Abstract
The world’s genomics data will never be stored in a single repository – rather, it will be distributed among many sites in many countries. No one site will have enough data to explain genotype to phenotype relationships in rare diseases; therefore, sites must share data. To accomplish this, the genetics community must forge common standards and protocols to make sharing and computing data among many sites a seamless activity. Through the Global Alliance for Genomics and Health, we are pioneering the development of shared application programming interfaces (APIs) to connect the world’s genome repositories. In parallel, we are developing an open source software stack (ADAM) that uses these APIs. This combination will create a cohesive genome informatics ecosystem. Using containers, we are facilitating the deployment of this software in a diverse array of environments. Through benchmarking efforts and big data driver projects, we are ensuring ADAM’s performance and utility.

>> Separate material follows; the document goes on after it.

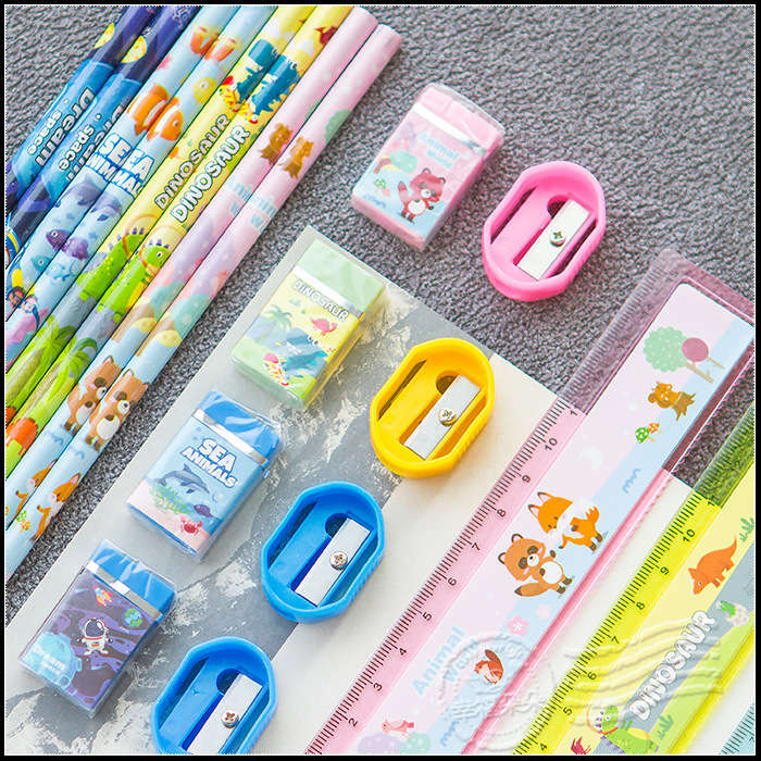 🧡🧡🧡 每組筆袋均有:鉛筆*2支 + 15cm短尺*1支 + 削筆器*1個 + 橡皮擦1個
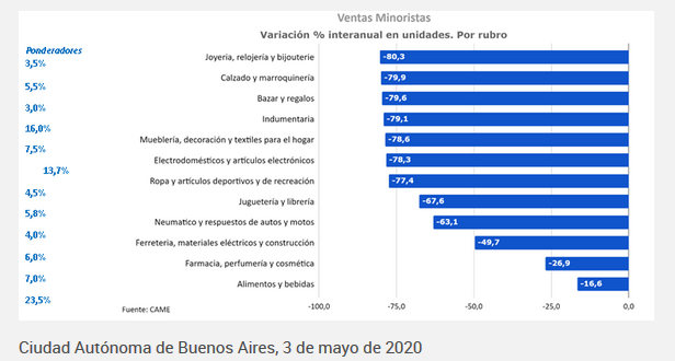 Las ventas minoristas de abril derraparon un -57.6% anual medidas en volúmenes, según la CAME. Esto a pesar de que el mes estuvo marcado por una cuarentena que fue flexibilizándose gradualmente. Ver Comunicado.

Keywords: computational genomics, genomics, big data, APIs, genome informatics
MISSION
The National Institutes for Health Big Data to Knowledge (NIH BD2K) Center for Big Data in Translational Genomics (CBDTG) has a single, overarching aim: to help the biomedical community achieve the statistical power needed to understand the complex relationships between genotypes and phenotypes in human health and disease. This will only happen if geneticists can gather and compare many genomes – at minimum, hundreds of thousands and, likely, millions – because there are a vast number of genomic variants and each genome variant must be viewed against various genetic and epigenetic backgrounds. The need for such a large quantity of data presents a challenge, one that is compounded when combinations of variations are taken into account. Variants that are rare in most genetic or epigenetic contexts may have limited effects individually but enormous cumulative effects in combination with other variants, which may account for the majority of phenotypes. We will never have the statistical power to recognize rare variants with phenotypic impacts without analyzing large, shared datasets. Similarly, to study these correlations, robust and extensive phenotypic data will need to be readily available. The CBDTG is therefore building partnerships with other BD2K centers (eg, Mobile Data To Knowledge) to facilitate access to and the compatibility of such data.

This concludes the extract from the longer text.